◆ Task description ◆
What is needed is a verbatim copy of the data, minus the pictures.

◆ Stored data ◆
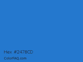 Hex #2478cd Color is a normal blue color and the nearest color is Bright Navy Blue #1974d2. Hex code #2478cd and RGB value is rgb(36,120,205). In RGB color space, this color is composed of 14% red, 47% green, 80% blue, In CMYK color space, this color is composed of 82% cyan, 41% magenta, 0% yellow , 20% black , In HSL color space, this color has a hue angle of 210° , 70% saturation and 47% lightness.
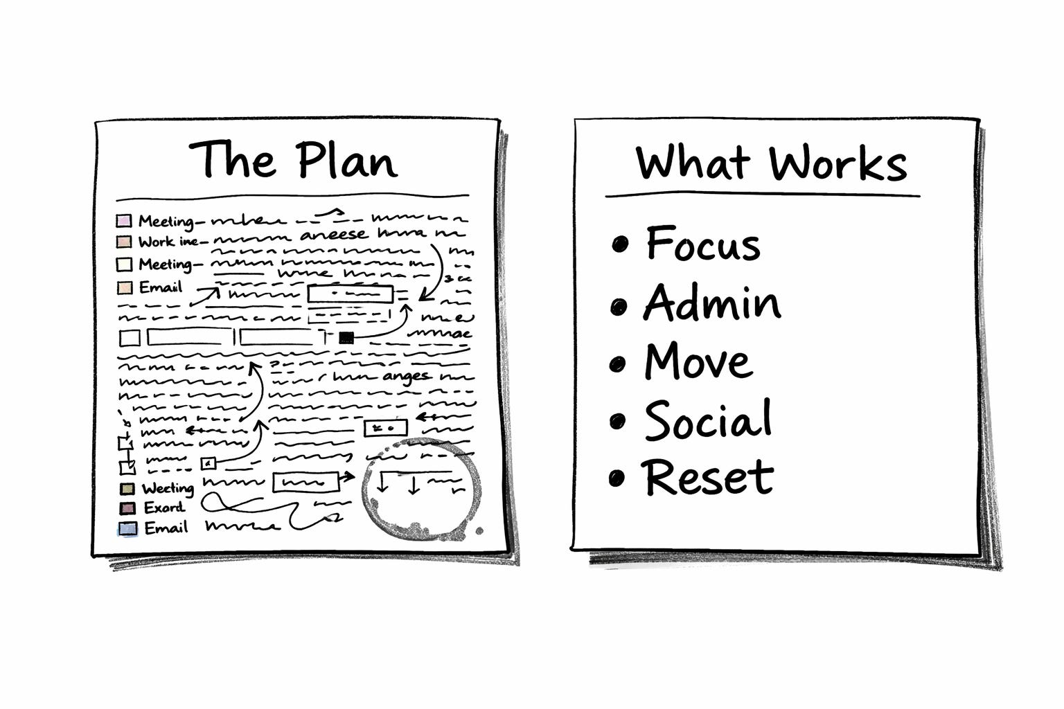 Sticky note, phone, back of your hand. That’s your whole planner now. No Trello boards. No Notion dashboards. No color-coded anything. (Building the system was the procrastination. We just couldn't admit it.)
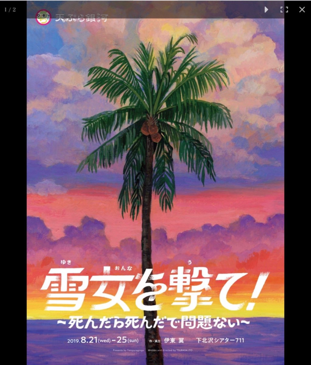 先日 天ぷら銀河さん「雪女を撃て!」の観劇に行って参りました。 わたし、大好きなんだと思います。天ぷら銀河さんのつくる世界も、言葉も。 あんなにも肩肘はらずに世界に誘われて。夢のような時間。にやにやしました。すんごいおもしろか… https://t.co/L3txPQfCjl
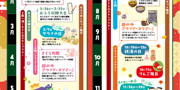 News ニュース TOP - ニュース・イベント 【ボタニカルDay🍀】グループウィスキング体験✨ SaunaTaloToya×CoHoKa 【ボタニカルDay🍀】2026年3月15日(日) 【要予約‼️】グループウィスキング体験✨ サウナの中でウィスキングやスクラブ体験などのプログラムを行 … 2026.3.3 3月7日は【サウナの日🧖】サイコロイベント開催‼️ 3月7日は【サウナの日🧖】✨✨ サイコロ🎲イベント開催いたします‼️ サイコロを2つ振って出た目の合計が『❼』なら入浴ポイント❼p進呈‼️ ハズレても➌p当たる‼️ 当日限定でイオンウォーター … 2026.3.1 【3月イベントカレンダー✨】 サウナタロトヤマ✨3月イベントカレンダー✨ 3月もイベント盛りだくさんです🎶 【📍koritori新スタッフ(経験者)お試しキャンペーン✨】 期間:3/1~6/30 延長10分無料サービス‼️ 30分以上の … 2026.2.28 いよいよスタート‼️【千載一湯026スタンプラリー】✨ いよいよスタート‼️ 全国の参加温浴施設をめぐる【千載一湯026スタンプラリー】‼️ 店頭のQRコードを読み込んでチェックイン🎵 5店舗訪問で1回応募可能。 リファの高級ドライヤーなど素敵な景 … 2026.2.26 浴場に広告を出しませんか? SaunaTaloToyamaに広告を出しませんか! 昔ながらの銭湯で、鏡に描かれた広告を見たことはありませんか? SaunaTaloToyamaは富山市内だけでなく、県内外から年間10万人を超えるお客様が来店されます。 … 2026.2.21 【koritori】からのお知らせ🍀新スタッフお試しキャンペーン✨ 🍀【koritori】からのお知らせ🍀 koritoriに新スタッフが仲間入り🌟 新スタッフ(経験者)お試しキャンペーン! 30分以上のコース 10分延長‼️ 【実施期間】2026年3月1日( … 2026.2.21 【千年に一度の026(おふろ)の年‼️】 【千年に一度の026(おふろ)の年‼️】 おふろの年✨イベントインフォメーション💁♀️ 2026年は千年に一度のおふろ(026)の年。 越のゆグループではこの特別な一年を通して、 おふろの楽しさ・気持ちよ … 2026.2.18 期間限定の「サ氷」販売開始 新しい「サ氷」🧊、4月末までの期間限定で販売中です✨✨ 【みかんミルクとしゅわポ】 みかんソース🍊とみかんミルクソース🍊が甘酸っぱい美味しさ! 【さくらイチゴ】 いちごミルク🍓と桜ソース🌸それぞれ異なる味わいが楽しめ … 2026.2.5 【2月イベントカレンダー✨】 サウナタロトヤマ✨2月イベントカレンダー✨ 【📍アウフグースイベント】ほかほかさん来店! 2/15(日) 南砺市を中心に活動している熱波師『ほかほか』さんが サウナタロに初来店‼️‼️参加無料です🎶 【男湯 … 2026.1.28 【ほかほかさんのアウフグースイベント開催‼️】 【ほかほかさんのアウフグースイベント開催‼️】 南砺市を中心に活動する熱波師ほかほか@hoka_hoka_27 さんのアウフグースイベント💨を2/15(日)に開催します✨✨ ほかほかさんはサウナタロトヤマでは初めてアウフ … 2026.1.21 12345...10...»

◆ Result ◆
 Hex #2478cd Color is a normal blue color and the nearest color is Bright Navy Blue #1974d2. Hex code #2478cd and RGB value is rgb(36,120,205). In RGB color space, this color is composed of 14% red, 47% green, 80% blue, In CMYK color space, this color is composed of 82% cyan, 41% magenta, 0% yellow , 20% black , In HSL color space, this color has a hue angle of 210° , 70% saturation and 47% lightness.
 Sticky note, phone, back of your hand. That’s your whole planner now. No Trello boards. No Notion dashboards. No color-coded anything. (Building the system was the procrastination. We just couldn't admit it.)
 先日 天ぷら銀河さん「雪女を撃て!」の観劇に行って参りました。 わたし、大好きなんだと思います。天ぷら銀河さんのつくる世界も、言葉も。 あんなにも肩肘はらずに世界に誘われて。夢のような時間。にやにやしました。すんごいおもしろか… https://t.co/L3txPQfCjl
 News ニュース TOP - ニュース・イベント 【ボタニカルDay🍀】グループウィスキング体験✨ SaunaTaloToya×CoHoKa 【ボタニカルDay🍀】2026年3月15日(日) 【要予約‼️】グループウィスキング体験✨ サウナの中でウィスキングやスクラブ体験などのプログラムを行 … 2026.3.3 3月7日は【サウナの日🧖】サイコロイベント開催‼️ 3月7日は【サウナの日🧖】✨✨ サイコロ🎲イベント開催いたします‼️ サイコロを2つ振って出た目の合計が『❼』なら入浴ポイント❼p進呈‼️ ハズレても➌p当たる‼️ 当日限定でイオンウォーター … 2026.3.1 【3月イベントカレンダー✨】 サウナタロトヤマ✨3月イベントカレンダー✨ 3月もイベント盛りだくさんです🎶 【📍koritori新スタッフ(経験者)お試しキャンペーン✨】 期間:3/1~6/30 延長10分無料サービス‼️ 30分以上の … 2026.2.28 いよいよスタート‼️【千載一湯026スタンプラリー】✨ いよいよスタート‼️ 全国の参加温浴施設をめぐる【千載一湯026スタンプラリー】‼️ 店頭のQRコードを読み込んでチェックイン🎵 5店舗訪問で1回応募可能。 リファの高級ドライヤーなど素敵な景 … 2026.2.26 浴場に広告を出しませんか? SaunaTaloToyamaに広告を出しませんか! 昔ながらの銭湯で、鏡に描かれた広告を見たことはありませんか? SaunaTaloToyamaは富山市内だけでなく、県内外から年間10万人を超えるお客様が来店されます。 … 2026.2.21 【koritori】からのお知らせ🍀新スタッフお試しキャンペーン✨ 🍀【koritori】からのお知らせ🍀 koritoriに新スタッフが仲間入り🌟 新スタッフ(経験者)お試しキャンペーン! 30分以上のコース 10分延長‼️ 【実施期間】2026年3月1日( … 2026.2.21 【千年に一度の026(おふろ)の年‼️】 【千年に一度の026(おふろ)の年‼️】 おふろの年✨イベントインフォメーション💁♀️ 2026年は千年に一度のおふろ(026)の年。 越のゆグループではこの特別な一年を通して、 おふろの楽しさ・気持ちよ … 2026.2.18 期間限定の「サ氷」販売開始 新しい「サ氷」🧊、4月末までの期間限定で販売中です✨✨ 【みかんミルクとしゅわポ】 みかんソース🍊とみかんミルクソース🍊が甘酸っぱい美味しさ! 【さくらイチゴ】 いちごミルク🍓と桜ソース🌸それぞれ異なる味わいが楽しめ … 2026.2.5 【2月イベントカレンダー✨】 サウナタロトヤマ✨2月イベントカレンダー✨ 【📍アウフグースイベント】ほかほかさん来店! 2/15(日) 南砺市を中心に活動している熱波師『ほかほか』さんが サウナタロに初来店‼️‼️参加無料です🎶 【男湯 … 2026.1.28 【ほかほかさんのアウフグースイベント開催‼️】 【ほかほかさんのアウフグースイベント開催‼️】 南砺市を中心に活動する熱波師ほかほか@hoka_hoka_27 さんのアウフグースイベント💨を2/15(日)に開催します✨✨ ほかほかさんはサウナタロトヤマでは初めてアウフ … 2026.1.21 12345...10...»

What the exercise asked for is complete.